Live at North Berkeley BART
Probably a feature of every big-city transit system: the itinerant musician who shows up to play at the stops along the way. The North Berkeley BART station a couple blocks from where we has a cast of folks who show up semi-regularly. There are three guitar players I can think of whom I’ve seen out there: a middle-aged guy who plays a nice classical guitar and always seems to land a decent pile of bills from the from passersby; a young guy who has sung himself hoarse thrashing out folk-rock tunes and looks ragged, like he’s barely hanging on; and the woman above.
Her name is Lily, and she plays slide steel guitar. I’m not a music critic, but I heard some nice touches in amid some scrambling to find the next logical note or chord. (Disclosure: I’m not sure I could find a single chord, logical or otherwise, on any kind of instrument.) I had my sound kit with me and recorded a little bit and talked to her briefly. The audio is below:
Winter While We’re Not Looking
It’s raining tonight here in Berkeley. It rained a liittle here on Friday, too, and some more a few days before that. Except for the fact the rain has only added up to a large thimbleful so far, it’s almost like a real winter has snuck in to Northern California. A couple more little storms might shuffle through this week, but the forecasters seem to be competing with each other to display the most pronounced lack of enthusiasm about the prospects for any appreciable rain falling. One can understand why they’re a little out of sorts. February is a time when storms have made history in California, when meteorology is a matter of life and death. This year, the weather scientists here are keeping their eyes peeled for computer models that might portend a tenth of an inch of rain.
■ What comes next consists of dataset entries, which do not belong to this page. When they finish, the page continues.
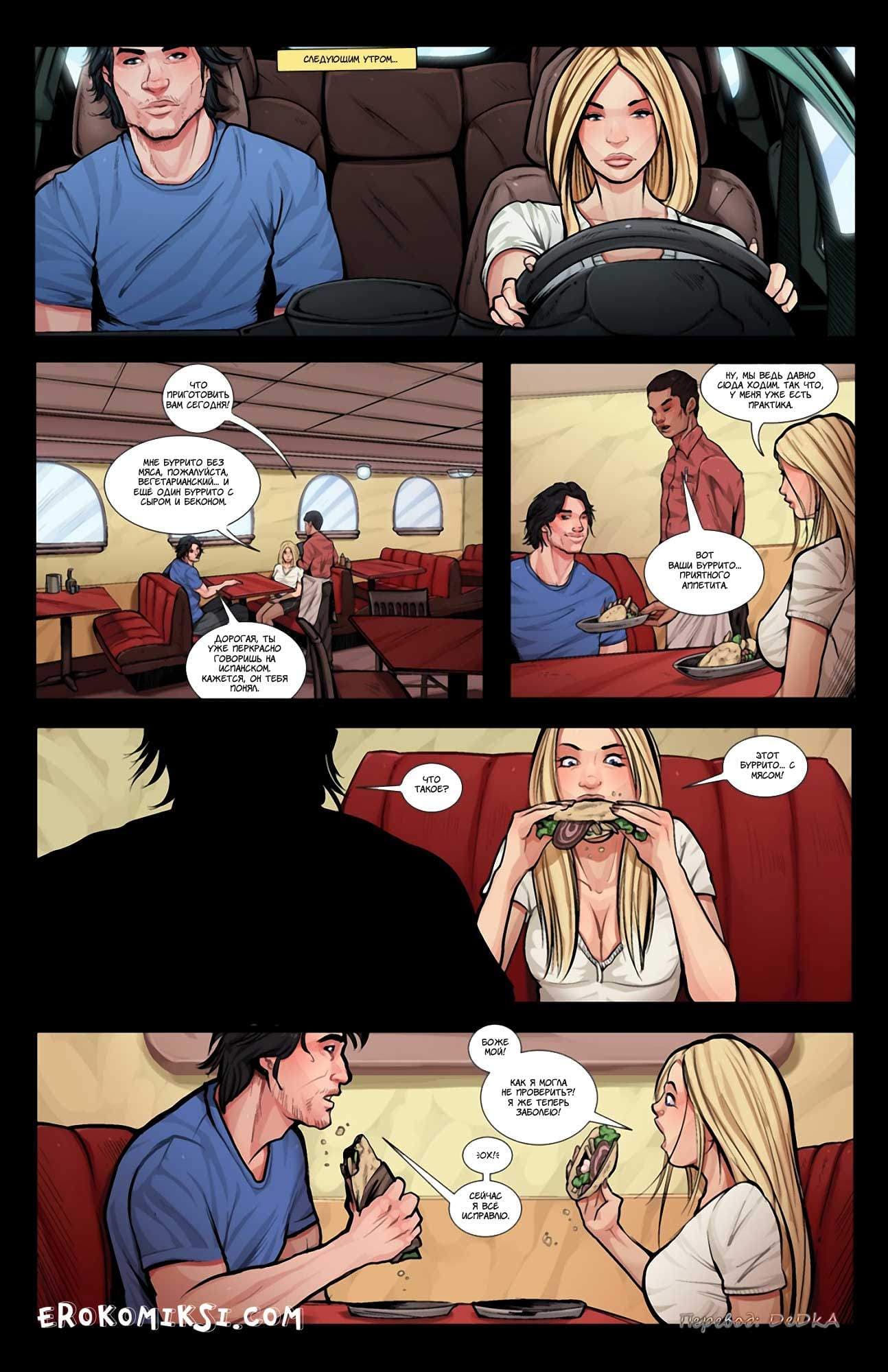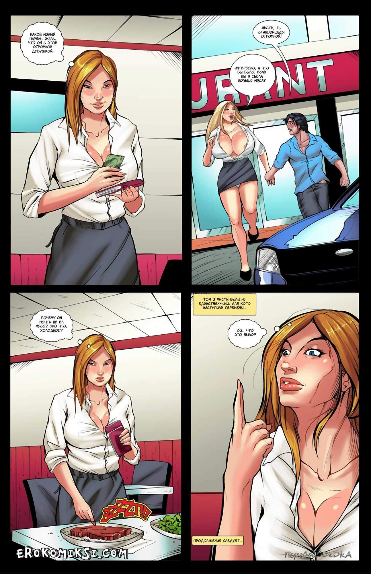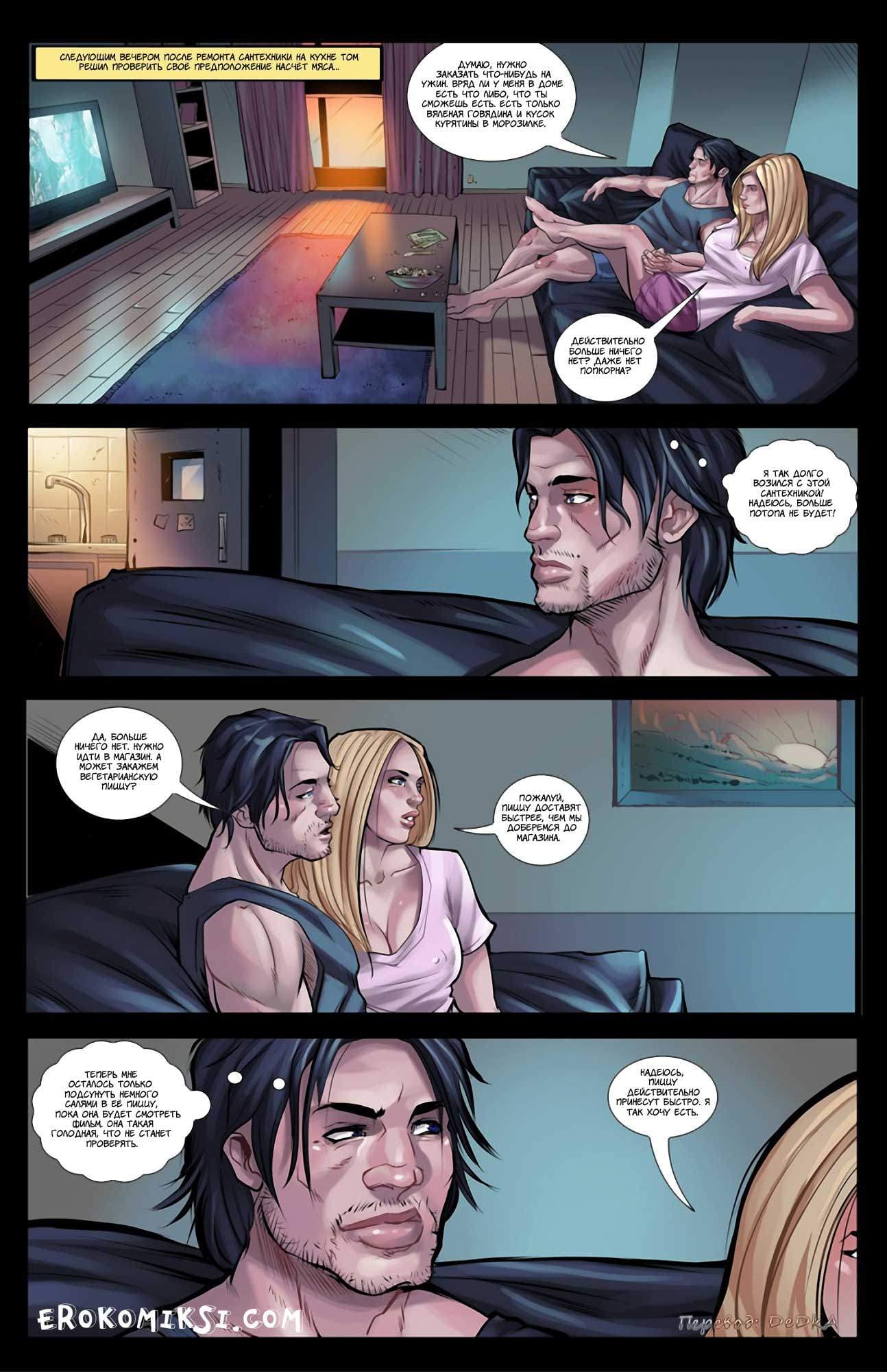 В первой части порно комикс Только не мясо рассказывается о том, как подруга Тома, Мисти, живёт у него уже больше месяца, но… она до сих пор не спала с ним, и, кажется, совсем не проявляет интереса к сексу. Том уже начал задумываться, а нужна ли ему такая подруга? Но однажды всё резко изменилось, и причиной всему стало, как не странно, мясо!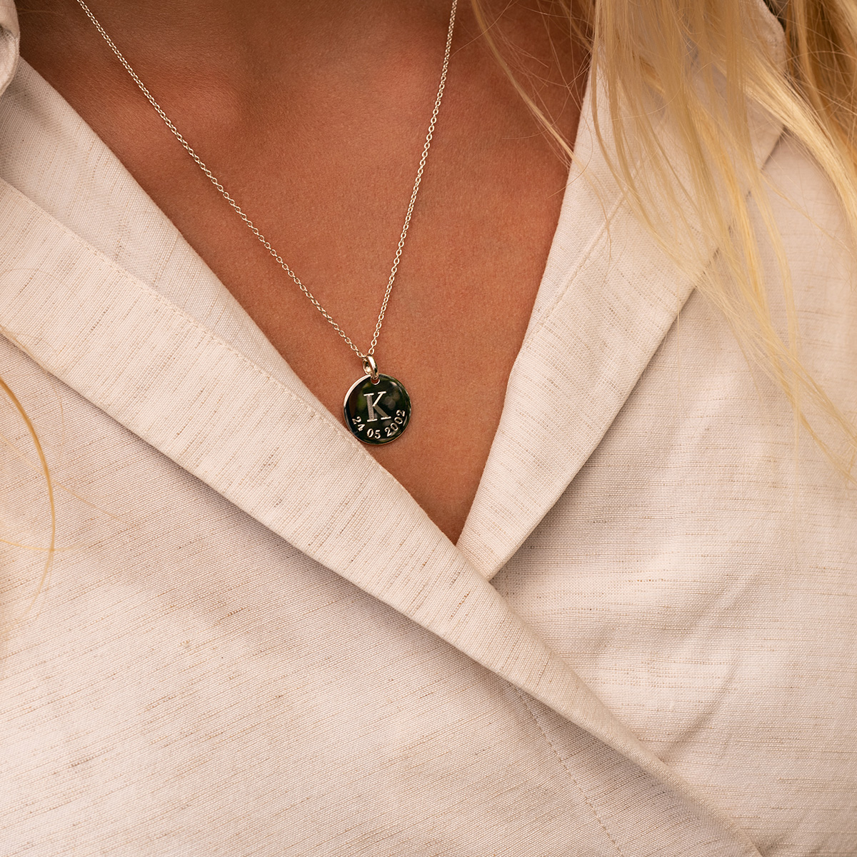Solid silver disc personalised necklace engraved with an initial and date from MYRI London. The unique design layout beautifully and neatly records a significant date, inscribing the day permanently in stunning solid sterling silver. A staple in any jewellery box, the disc personalised necklace delights in its simplicity and is an enduring favourite in the collection. Perfect for layering or for wearing on its own, the silver disc engraved necklace is finished with precision diamond-tipped cutters, creating an impression that will last with lustre for very many years.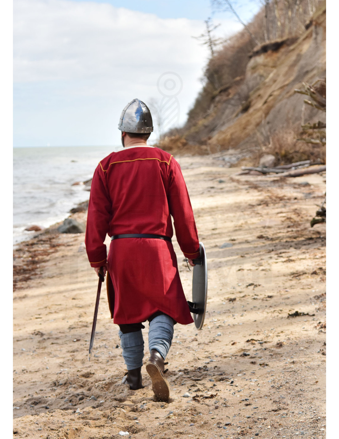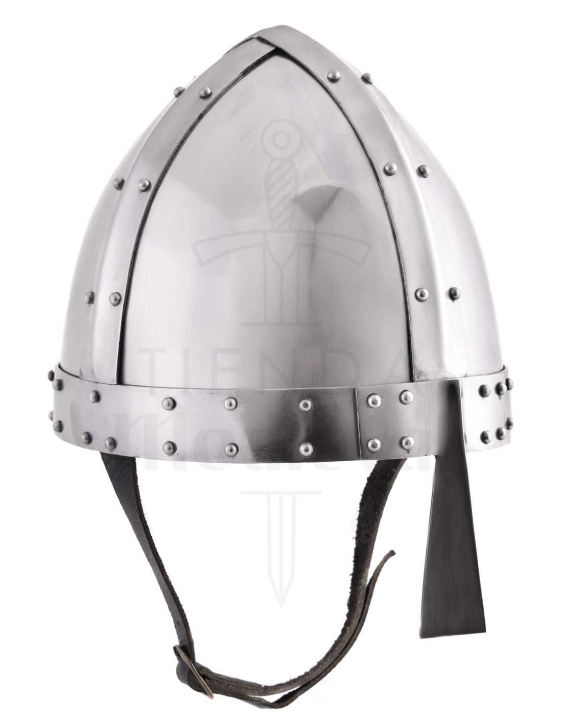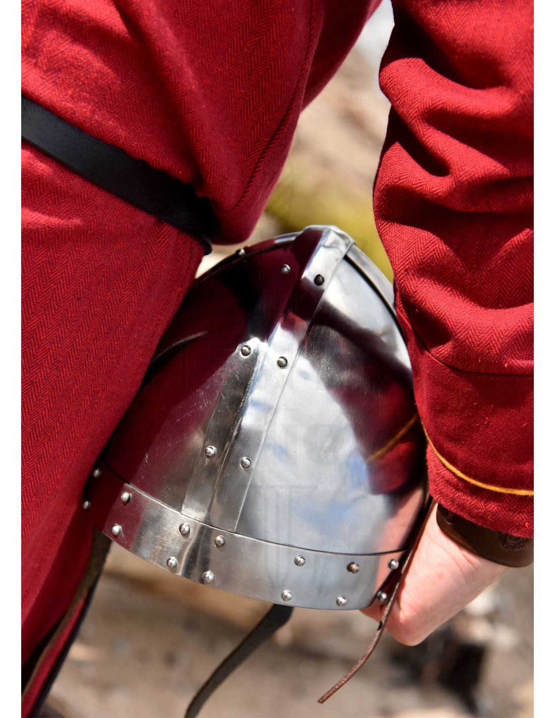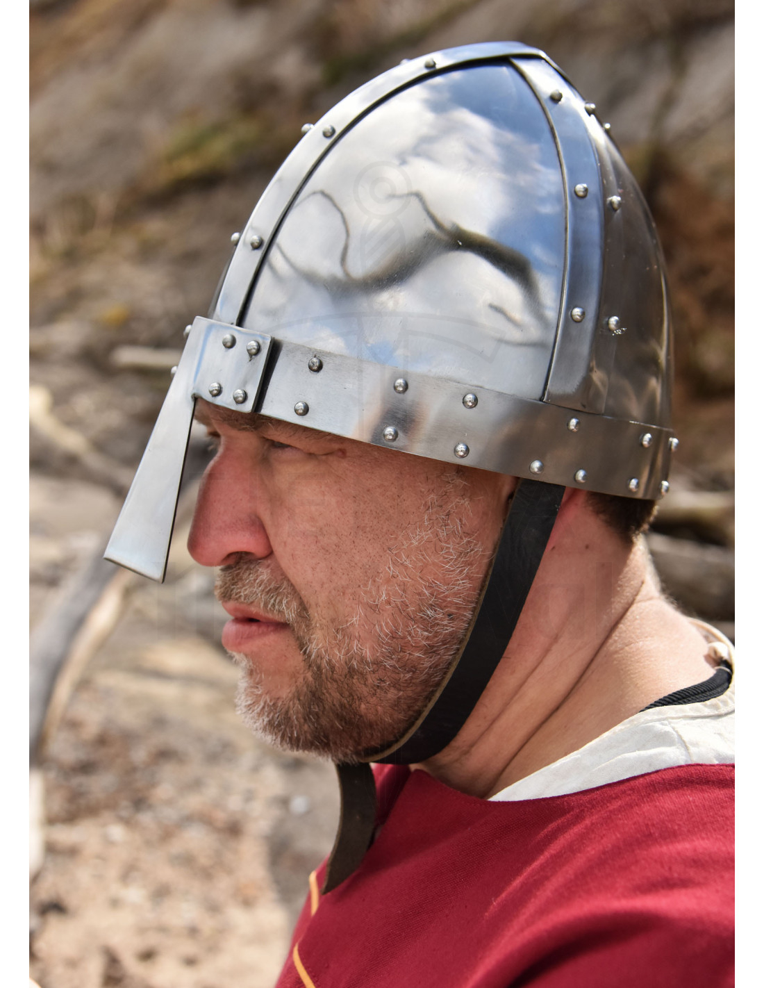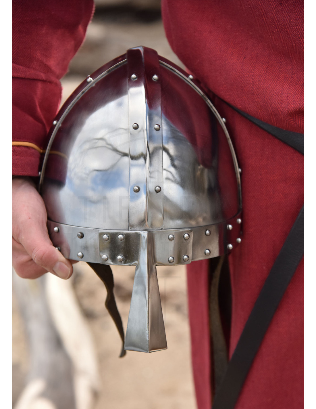 Het is niet moeilijk om je een dappere Viking- of Normandische krijger voor te stellen, gekleed in deze imposante helm, zijn zwaard hanterend en zijn leger in de strijd leidend. Deze functionele helm, gebruikt in de 11e eeuw, neemt je mee terug naar die spannende middeleeuwen en laat je de heldendaden van die dappere en gedurfde krijgers herbeleven.

But we had a beautiful day waiting for this evening’s rain to move in. Low cumulus type clouds beating their way to the east and in the spaces between them you could see high clouds and condensation trails. Kate, Thom and I went to Wheeler Hall at UC Berkeley to see storyteller/country picker David Holt. Afterward, we drove down to Oakland’s Pill Hill neighborhood for lunch (non-East Bay types: Pill Hill is the site of hospitals and medical centers, thus the name). On the way down Telegraph I looked up through the roof window and thought it would make a swell cellphone camera shot. So that’s where that picture up there came from. (It was processed in an iPhone app called Instagram, so the contrast is much higher than the original scene, which was shot in color). I did not even notice the bird when I shot the picture, and even if I had I could never have placed it so nicely at the convergence of those two contrails on the right. (No Photoshopping here–unlike this guy.)